Friday, July 6, 2018

Surprise 3




Just to be perfectly clear I  have no idea what actually goes on within other Isshinryu programs. I am just a product of the training I received in Tom Lewis’ dojo in Salisbury and with Charles Murray.


Sure I know at least everyone studies some version of Chart 1 and Chart 2. And all use similar versions of the same kata. But the actuality of what training in followed in detail, I really have not seen anyone talk about that.


Very early after I started I was shown a 2 handed wrist grab release. Practiced it, got good at it and kept it ever since. Perhaps everyone does it, I have no idea. But I would hate to have it lost, it is that good.


So start with the attacker grabs both your wrists to control you.


Of course there are many possible answers. This is what I was taught.


1. Splay open the fingers of both your hands (this causes the attacker to adjust their grip to a small degree.)

2.When the fingers are splayed open, press outward with your wrists. Opening the grabbed arms wider. (The attacker will respond by pressing inward harder to keep control.)

3. Then suddenly slam your arms together. (The attacker pressing inward is a force enhancer that you are using his motion against his control.

4.a.

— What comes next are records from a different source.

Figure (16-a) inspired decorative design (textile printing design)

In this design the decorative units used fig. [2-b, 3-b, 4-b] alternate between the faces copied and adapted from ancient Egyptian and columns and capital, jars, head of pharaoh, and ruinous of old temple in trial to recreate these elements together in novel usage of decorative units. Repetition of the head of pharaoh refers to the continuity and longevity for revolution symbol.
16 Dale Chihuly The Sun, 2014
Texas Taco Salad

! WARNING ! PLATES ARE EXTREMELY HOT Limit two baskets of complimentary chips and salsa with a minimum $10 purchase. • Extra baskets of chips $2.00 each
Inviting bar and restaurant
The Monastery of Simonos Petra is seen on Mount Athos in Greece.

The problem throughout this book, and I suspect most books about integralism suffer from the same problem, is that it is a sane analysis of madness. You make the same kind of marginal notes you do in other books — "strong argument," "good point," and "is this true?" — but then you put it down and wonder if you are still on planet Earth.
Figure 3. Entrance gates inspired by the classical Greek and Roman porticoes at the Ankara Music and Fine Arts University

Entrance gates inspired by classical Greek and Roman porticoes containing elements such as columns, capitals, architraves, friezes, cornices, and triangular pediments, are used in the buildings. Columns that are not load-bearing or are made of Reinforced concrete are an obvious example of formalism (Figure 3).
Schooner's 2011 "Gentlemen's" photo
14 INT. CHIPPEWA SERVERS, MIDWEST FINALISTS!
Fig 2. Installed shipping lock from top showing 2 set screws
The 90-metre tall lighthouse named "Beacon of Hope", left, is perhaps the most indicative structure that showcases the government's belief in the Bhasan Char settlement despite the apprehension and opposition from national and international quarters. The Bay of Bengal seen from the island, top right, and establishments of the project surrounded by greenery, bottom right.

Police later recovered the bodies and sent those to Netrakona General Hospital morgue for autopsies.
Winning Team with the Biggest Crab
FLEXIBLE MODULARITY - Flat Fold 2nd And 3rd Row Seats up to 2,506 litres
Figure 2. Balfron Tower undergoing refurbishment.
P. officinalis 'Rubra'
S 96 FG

If you want to move right. Slam your right arm into you left splayed fingers, grabbing their left wrist.

4.b. If you want to move left, Slam your left arm into your right splayed fingers, grabbint their right wrist.

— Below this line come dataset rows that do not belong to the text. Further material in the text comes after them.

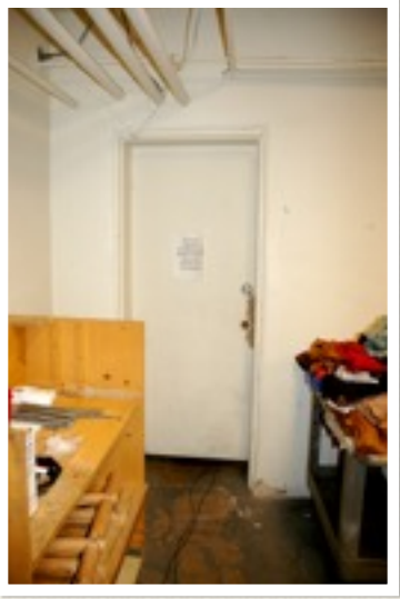
The door with broken handle

No unusual sound were monitored during the investigation.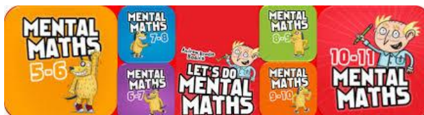
Let's Do Mental Maths – can be bought as a bundle or separately (Mental maths strategies)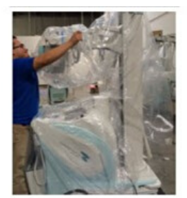
Step 2. . Remove 42" x 120" bag and place over fully extended XR tube and column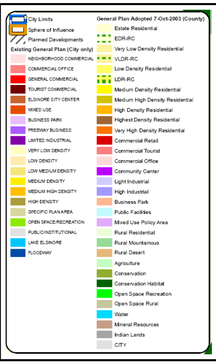
Figure 4.11.1-2. City of Lake Elsinore Existing General Plan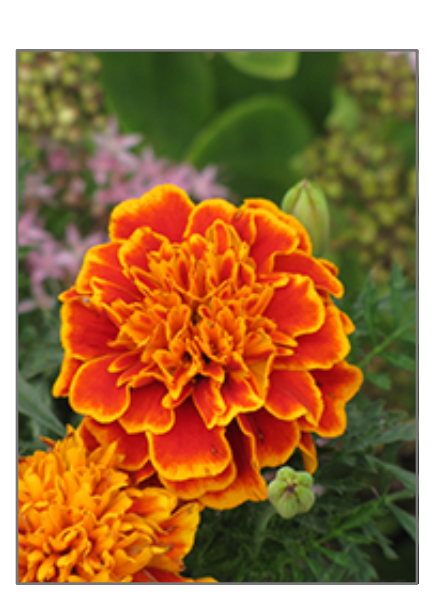
Janie Flame Marigold flowers

Janie Flame Marigold features bold gold pincushion flowers with brick red streaks at the ends of the stems from late spring to late summer. The flowers are excellent for cutting. Its fragrant ferny leaves remain dark green in colour throughout the season.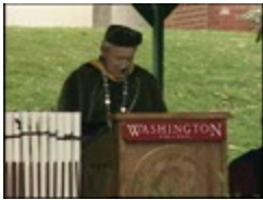
John F. Kennedy, Jr. commencement address (MS 0058-1999-002)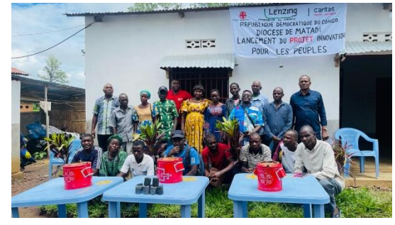
© Caritas Oberösterreich – Internationale Hilfe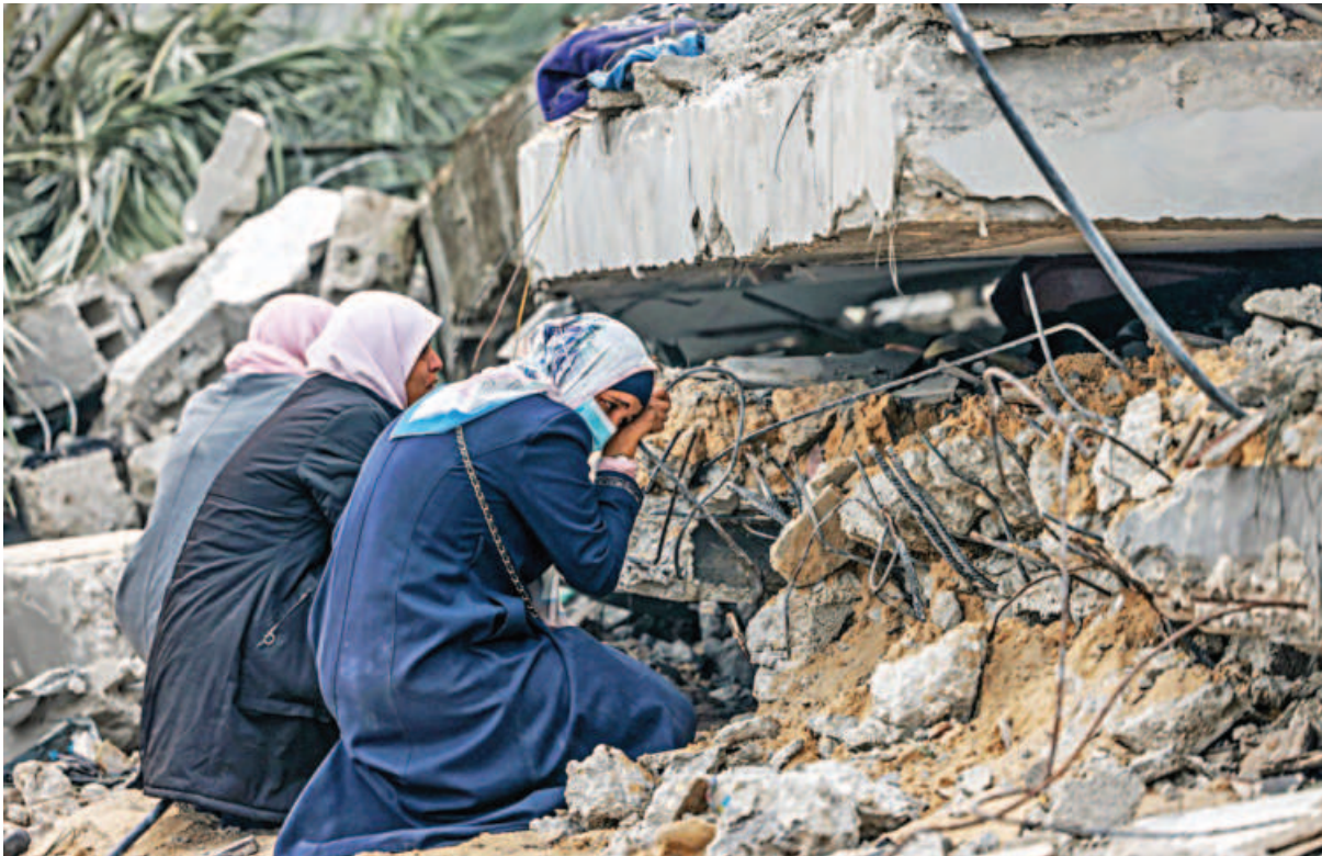
Palestinian women cry beside a collapsed building where one of their relatives is believed to be trapped in debris following Israeli bombardment in Rafah in the southern Gaza Strip yesterday.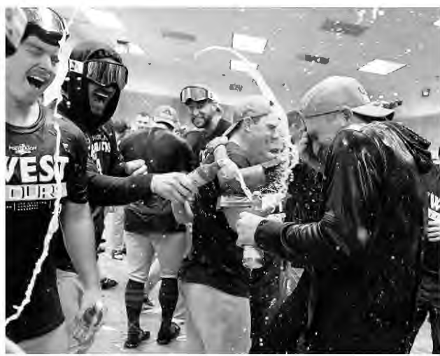
The Los Angeles Dodgers celebrate after beating Arizona to clinch the National League West on Tuesday.

— I learned (by doing it wrong, obviously) the importance of picking the right people to talk to about it. I had people totally blow it off or make thoughtless comments, which made me feel worse-er. I wish I'd chosen based on their own emotional makeup.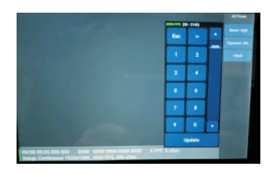
RECORDING SPEED SETTINGS MENU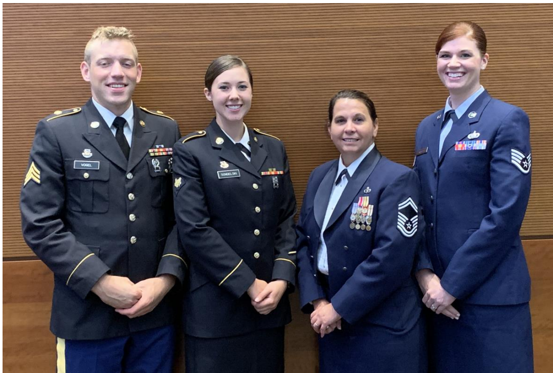
Professional Development attendees at 2019 EANGUS Conference in Des Moines, IA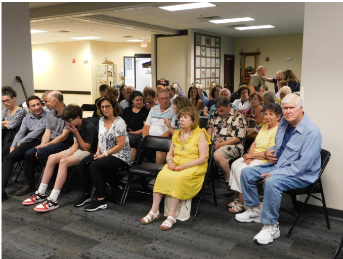
Members and guests during the award presentation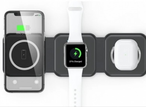
Regular Direct Charge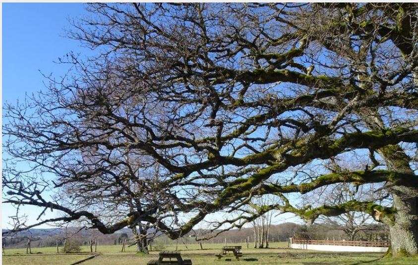
(J.Primpier - PNRML)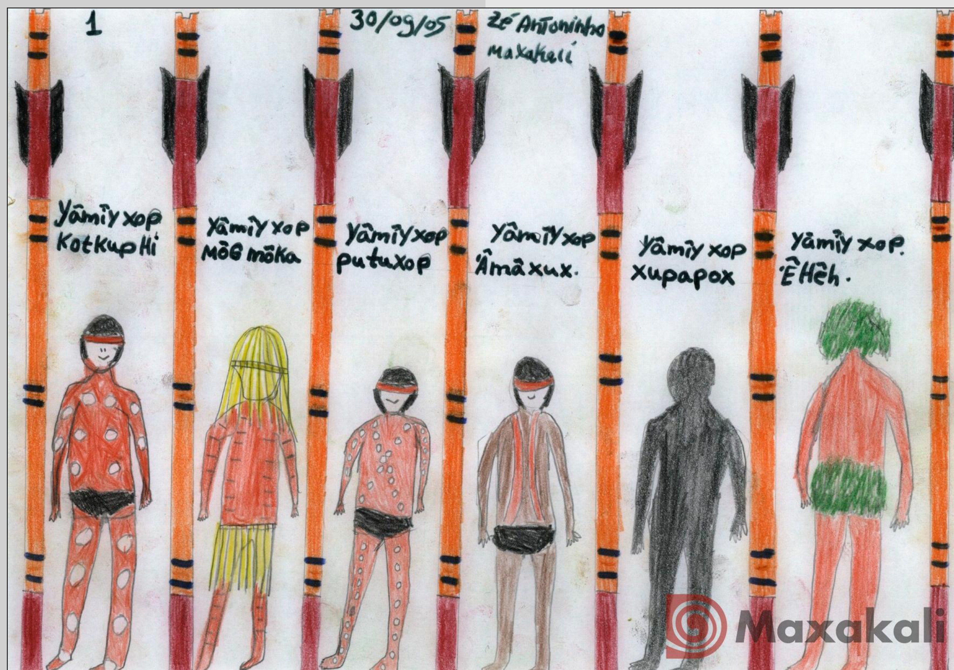
A drawing representing supernatural beings, from the MAXAKALI Project Archive

Localization of the PRODOCLIN projects (@ Priscilla Alves de Moura)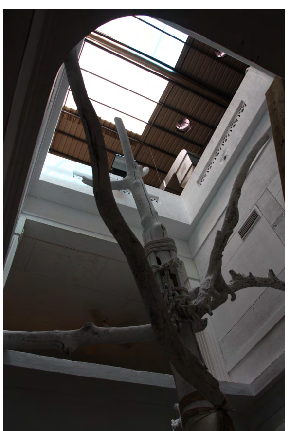
Figure 3. Cases of the "Old House with New Life"

5. In either case you are now controlling both their hands. One of them is grabbing a wrist and that hand in turn is grabbing the wrist of the other hand.

6.a. As you establish control of both their hands, your right foot steps out to the right, slightly forward. At the same time you snap your right arm back into standard chamber.

6.b. As you establish control of both their hands, your left foot steps out to the left, slightly forward. At the same time you snap your left arm back into standard chamber.

7. As your free hand is in chamber, immediately strike with the free hand, such as to the face, jaw, neck or ribs. In practice we normally struck to the face. (you have the choice of target of opportunity in any case).


This is very swift and your hands move quicker than their ability to adjust their holding grip.


To be perfectly clear there are innumerable excellent double wrist grab releases. This one has always served me well.